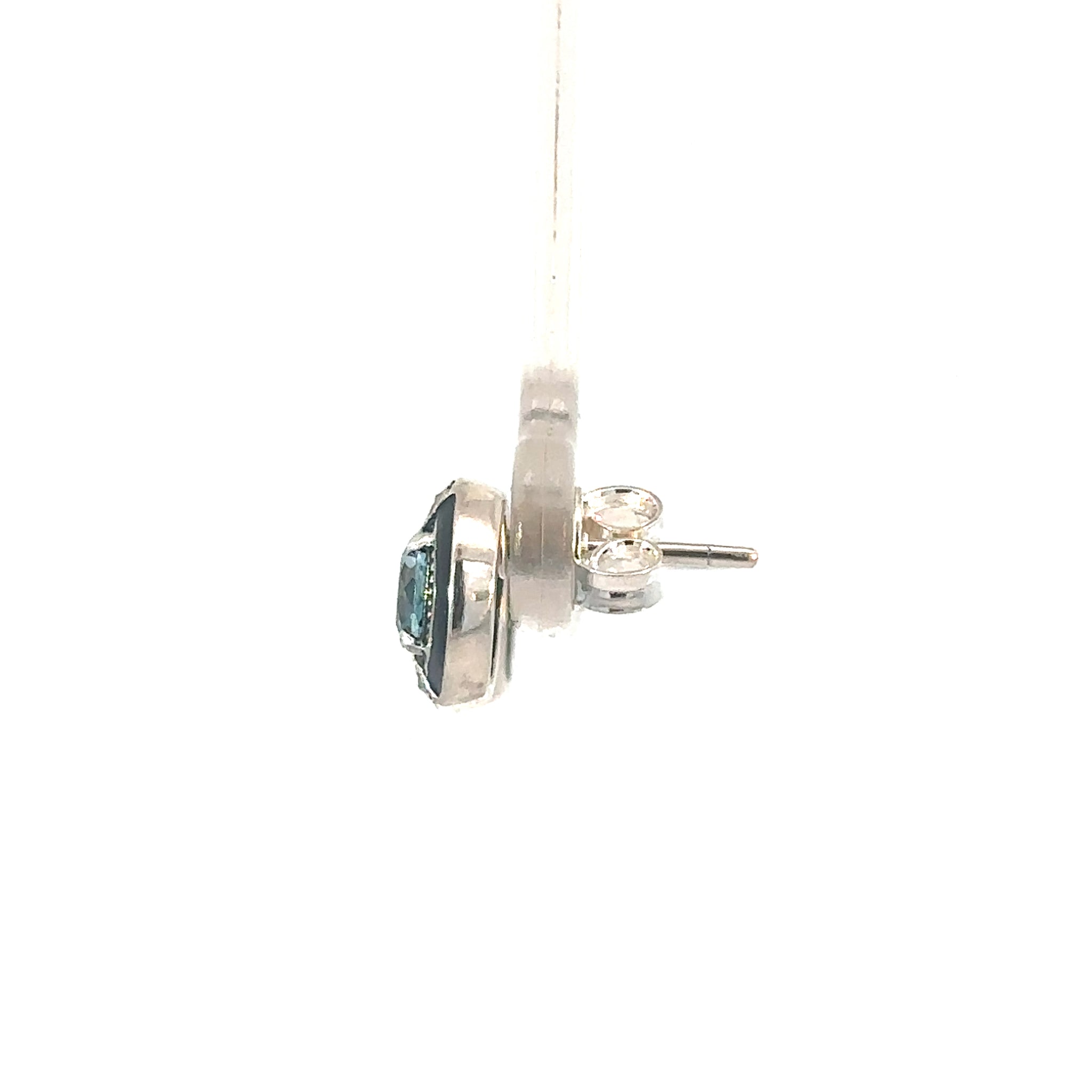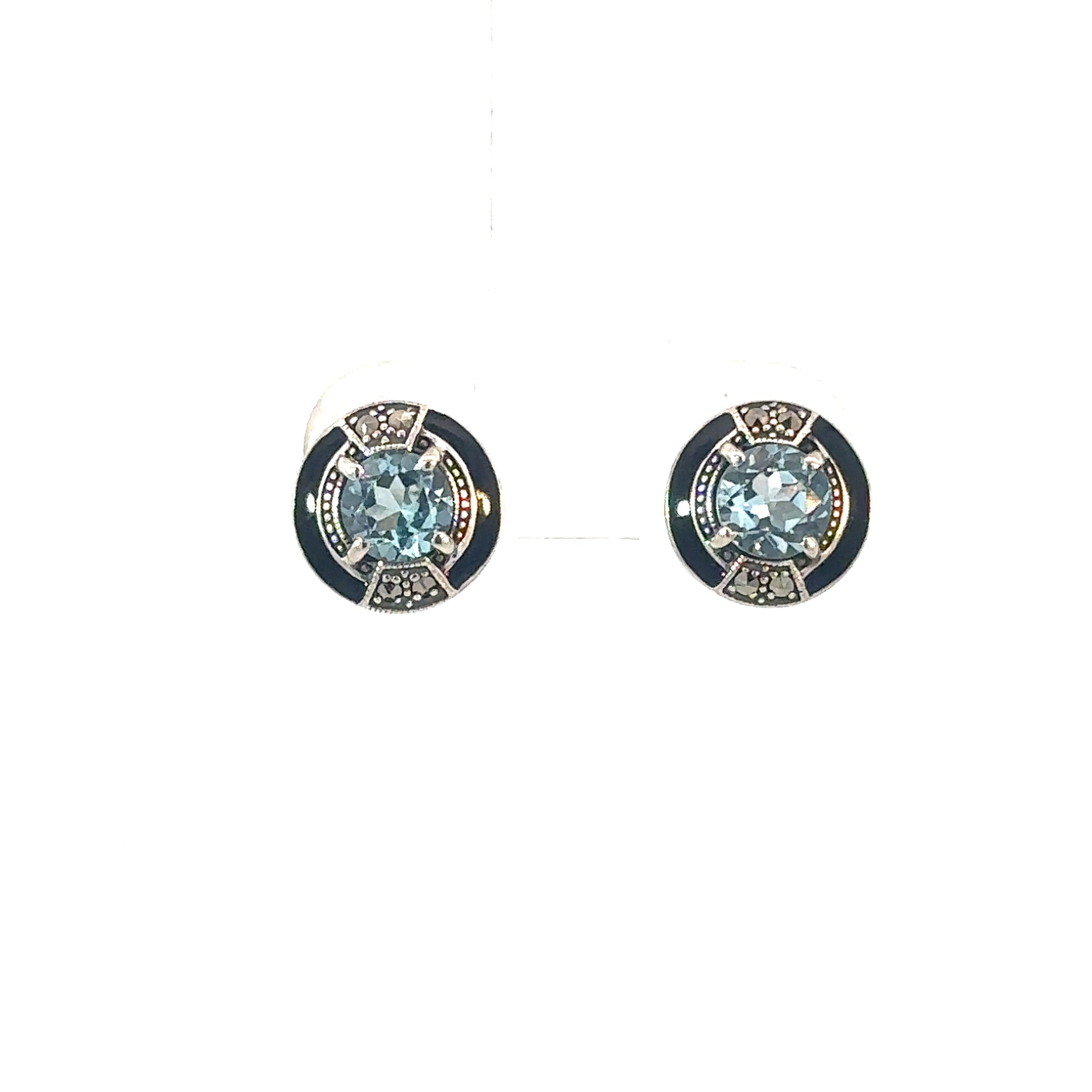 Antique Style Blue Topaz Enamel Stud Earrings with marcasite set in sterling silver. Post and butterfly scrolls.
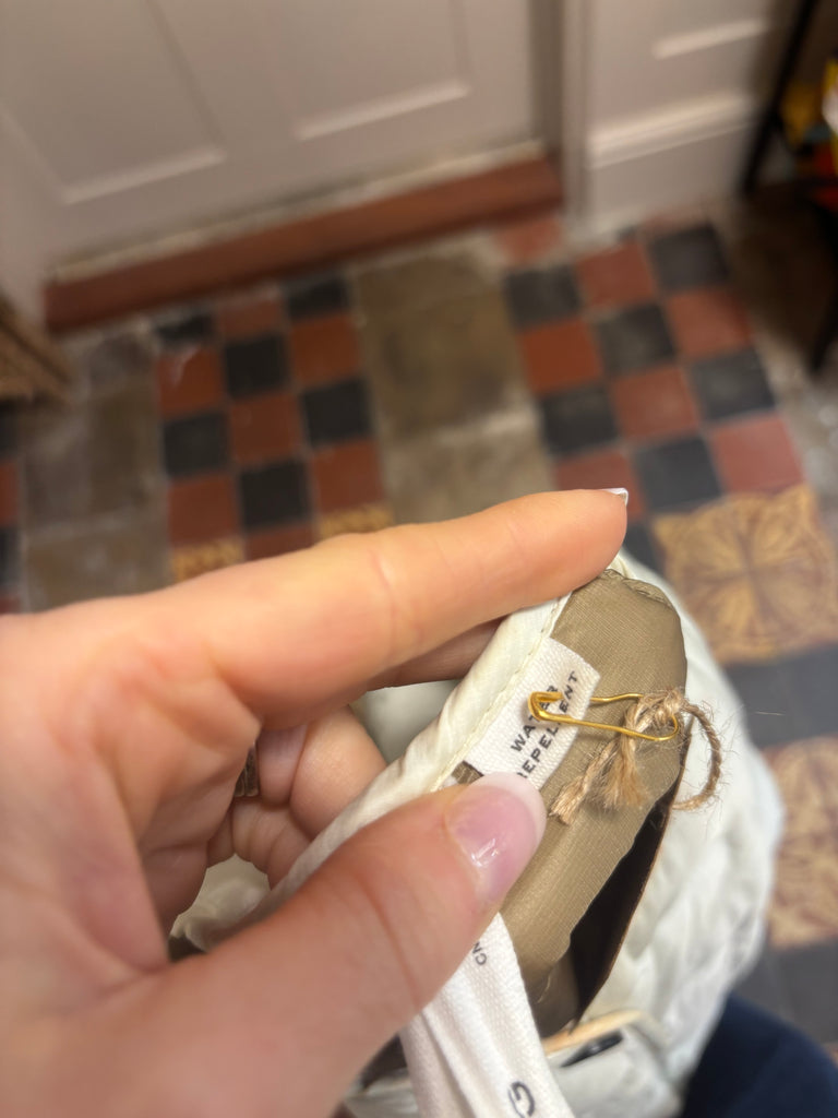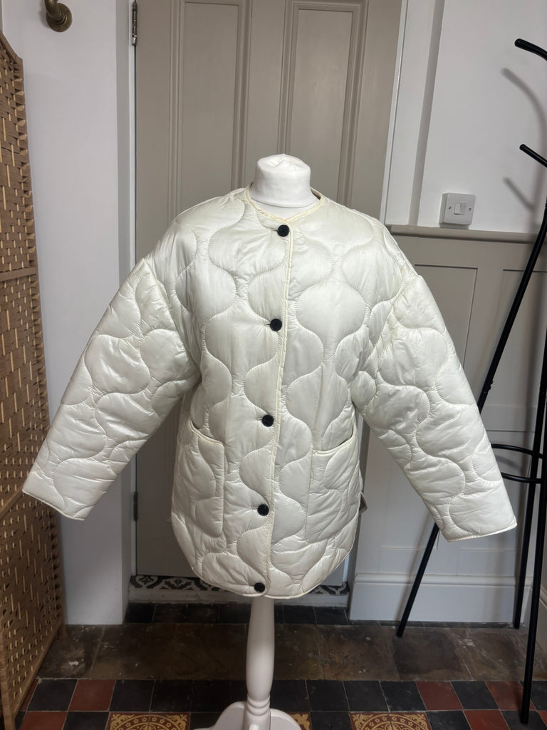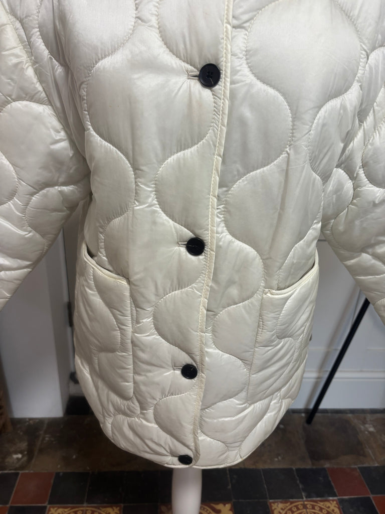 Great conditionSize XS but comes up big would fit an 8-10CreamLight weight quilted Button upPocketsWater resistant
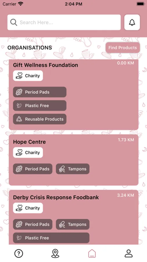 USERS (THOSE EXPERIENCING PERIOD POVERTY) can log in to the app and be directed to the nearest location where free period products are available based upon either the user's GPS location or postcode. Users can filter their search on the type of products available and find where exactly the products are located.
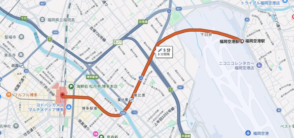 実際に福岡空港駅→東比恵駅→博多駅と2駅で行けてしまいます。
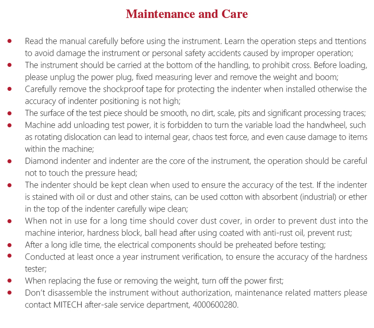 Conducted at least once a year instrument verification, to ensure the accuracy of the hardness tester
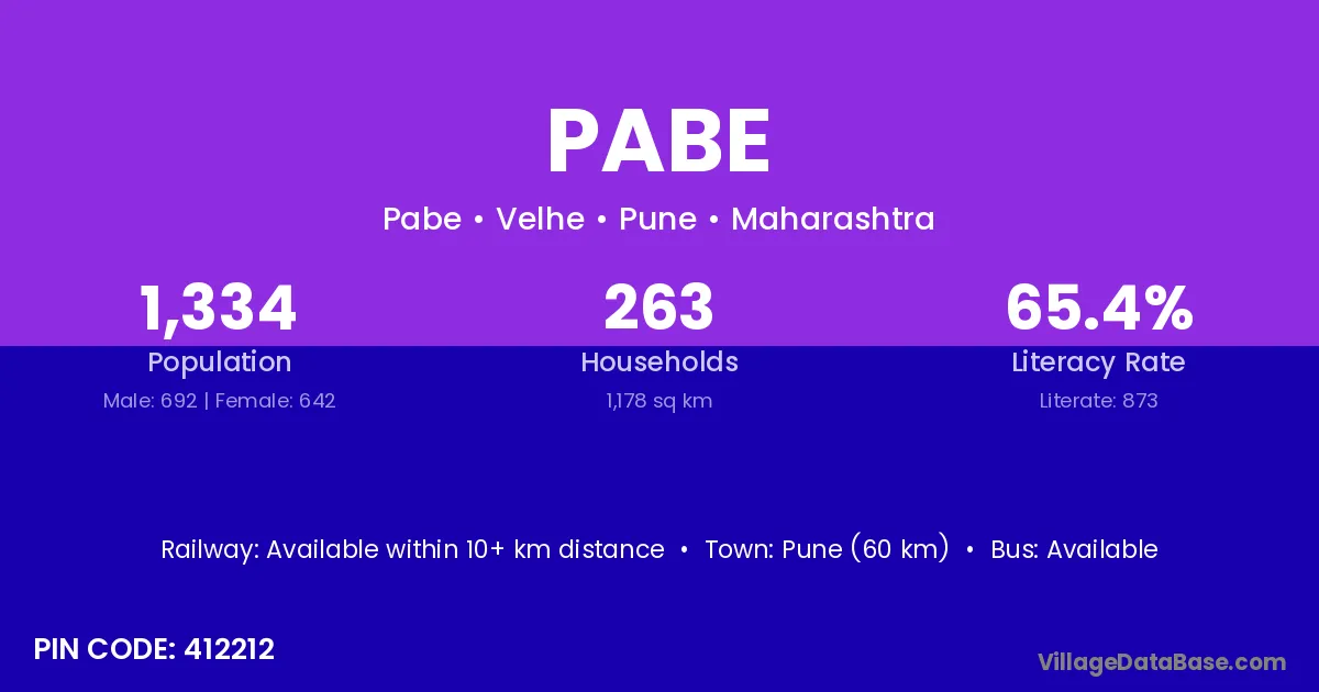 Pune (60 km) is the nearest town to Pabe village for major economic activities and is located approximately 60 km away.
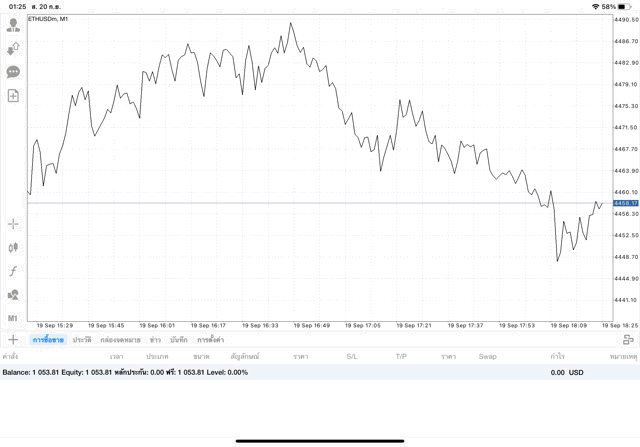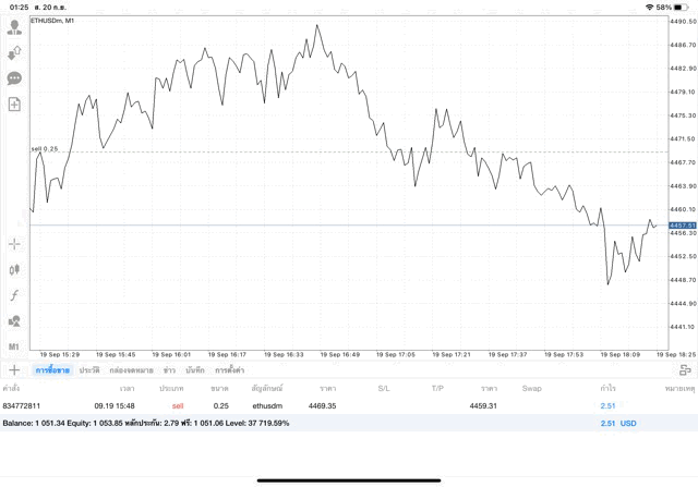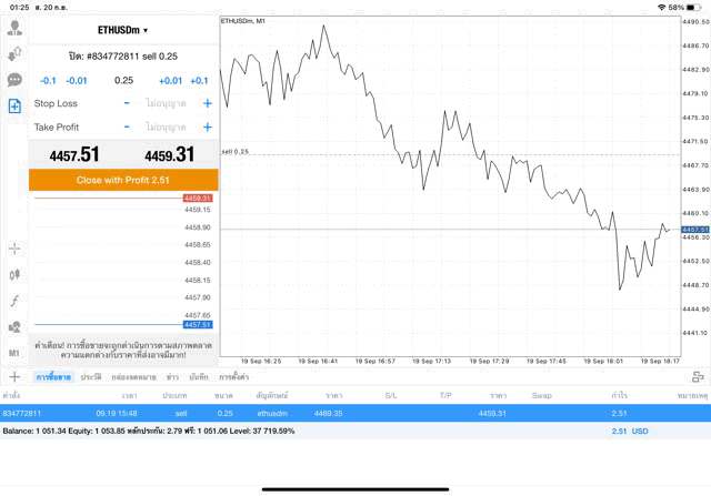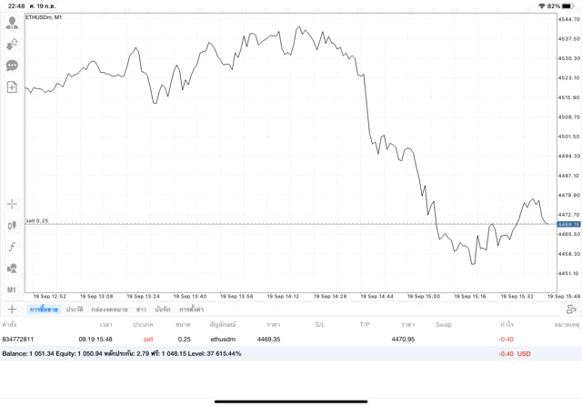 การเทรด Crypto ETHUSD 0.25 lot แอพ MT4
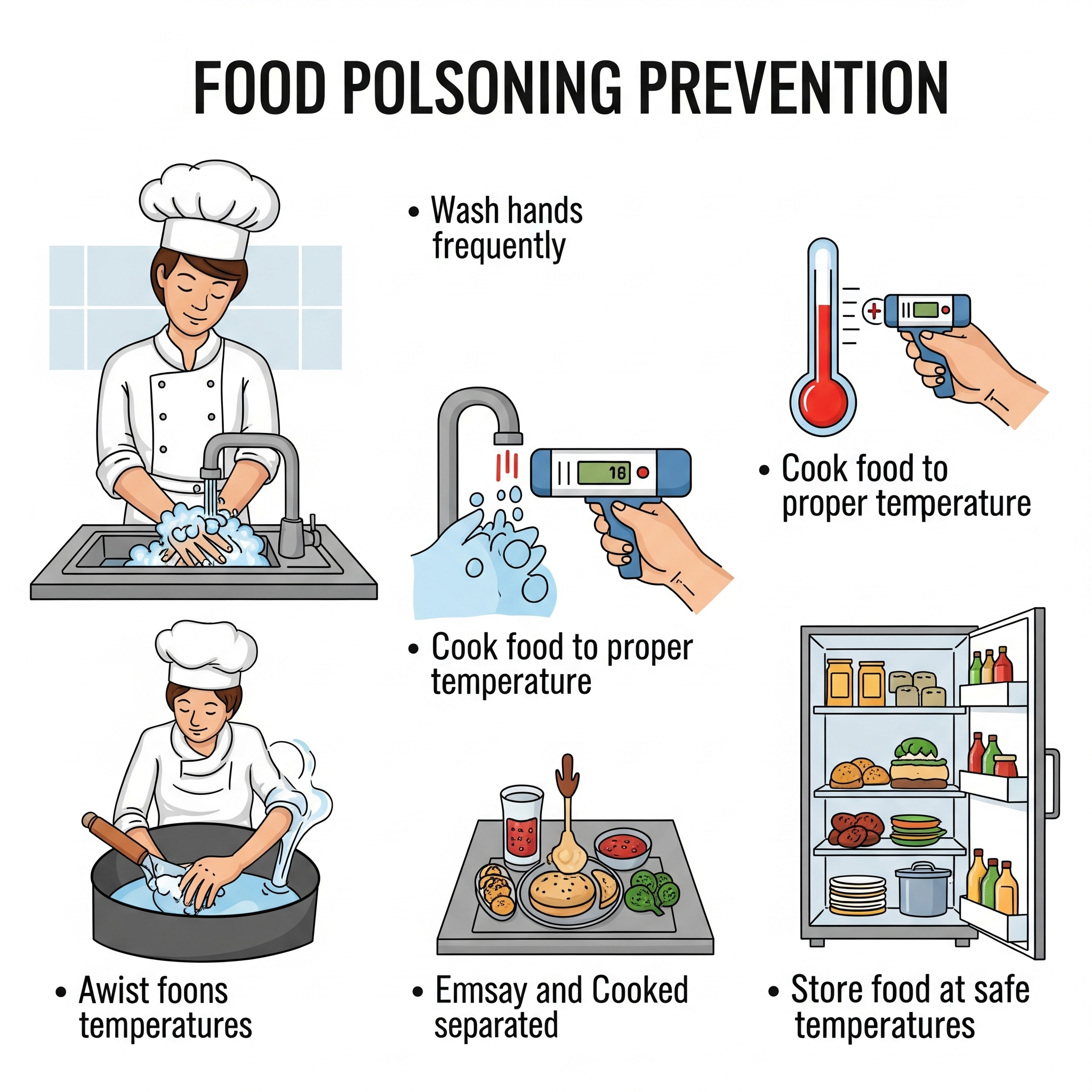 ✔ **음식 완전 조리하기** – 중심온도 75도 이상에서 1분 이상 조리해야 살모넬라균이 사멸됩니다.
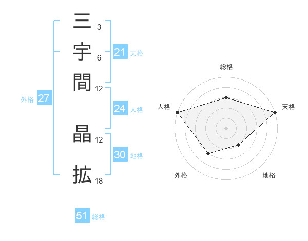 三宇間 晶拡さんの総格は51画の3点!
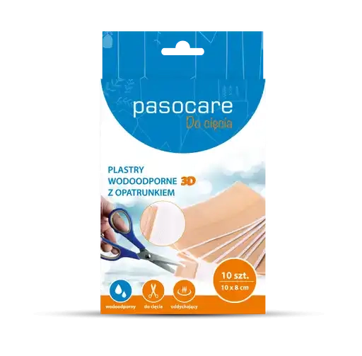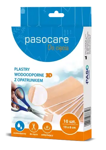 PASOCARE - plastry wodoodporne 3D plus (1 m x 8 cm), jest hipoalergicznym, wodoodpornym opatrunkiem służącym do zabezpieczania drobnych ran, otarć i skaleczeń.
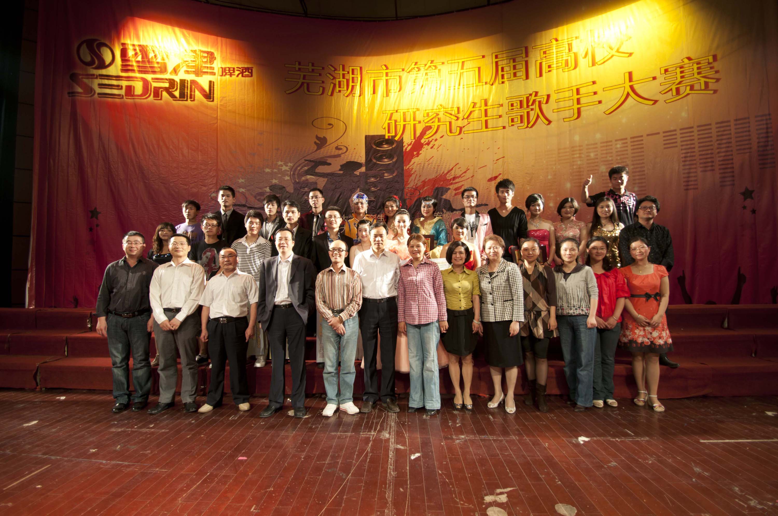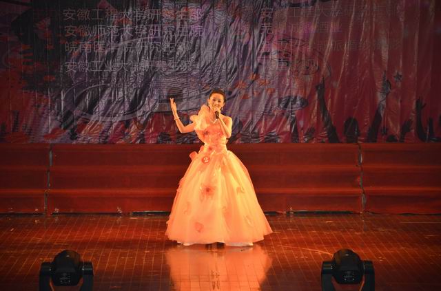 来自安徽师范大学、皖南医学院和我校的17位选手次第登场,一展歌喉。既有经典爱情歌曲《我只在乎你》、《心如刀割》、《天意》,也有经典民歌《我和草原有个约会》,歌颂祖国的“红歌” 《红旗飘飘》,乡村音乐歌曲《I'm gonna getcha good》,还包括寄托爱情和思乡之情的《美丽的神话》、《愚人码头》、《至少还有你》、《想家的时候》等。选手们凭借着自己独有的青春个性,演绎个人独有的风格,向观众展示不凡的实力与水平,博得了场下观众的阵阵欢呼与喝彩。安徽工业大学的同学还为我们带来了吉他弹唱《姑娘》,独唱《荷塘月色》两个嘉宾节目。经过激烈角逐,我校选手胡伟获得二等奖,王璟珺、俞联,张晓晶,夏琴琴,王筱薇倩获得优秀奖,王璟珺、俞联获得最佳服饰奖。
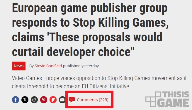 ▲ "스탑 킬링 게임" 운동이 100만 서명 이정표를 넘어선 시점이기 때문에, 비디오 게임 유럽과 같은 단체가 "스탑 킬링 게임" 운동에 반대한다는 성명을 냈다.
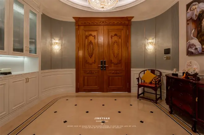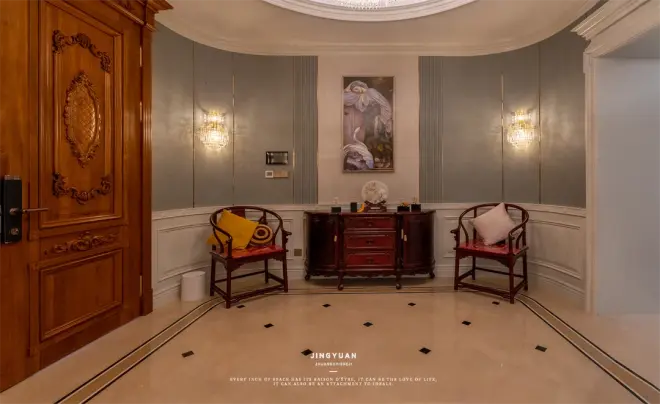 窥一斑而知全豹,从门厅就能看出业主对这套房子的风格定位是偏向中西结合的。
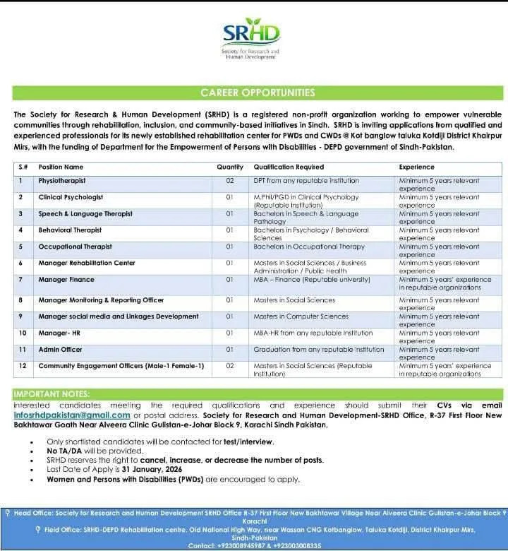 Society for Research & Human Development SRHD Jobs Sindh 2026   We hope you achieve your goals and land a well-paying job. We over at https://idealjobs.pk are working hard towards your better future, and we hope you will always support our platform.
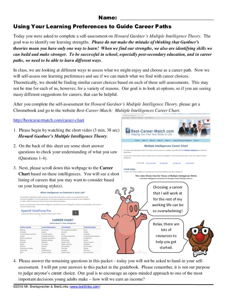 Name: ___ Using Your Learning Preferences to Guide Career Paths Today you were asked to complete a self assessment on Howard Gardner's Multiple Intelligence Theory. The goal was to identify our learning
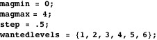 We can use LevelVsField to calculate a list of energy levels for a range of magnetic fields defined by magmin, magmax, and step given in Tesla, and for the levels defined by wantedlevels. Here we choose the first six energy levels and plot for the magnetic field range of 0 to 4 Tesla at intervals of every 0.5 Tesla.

Exercise objective
Above are some entries; copy exactly the lines from the line with "반대한다는 성명을 냈다." through the line with "Name: ___ Using", both included, but none of the pictures.

Task response
 ▲ "스탑 킬링 게임" 운동이 100만 서명 이정표를 넘어선 시점이기 때문에, 비디오 게임 유럽과 같은 단체가 "스탑 킬링 게임" 운동에 반대한다는 성명을 냈다.
 窥一斑而知全豹,从门厅就能看出业主对这套房子的风格定位是偏向中西结合的。
 Society for Research & Human Development SRHD Jobs Sindh 2026   We hope you achieve your goals and land a well-paying job. We over at https://idealjobs.pk are working hard towards your better future, and we hope you will always support our platform.
 Name: ___ Using Your Learning Preferences to Guide Career Paths Today you were asked to complete a self assessment on Howard Gardner's Multiple Intelligence Theory. The goal was to identify our learning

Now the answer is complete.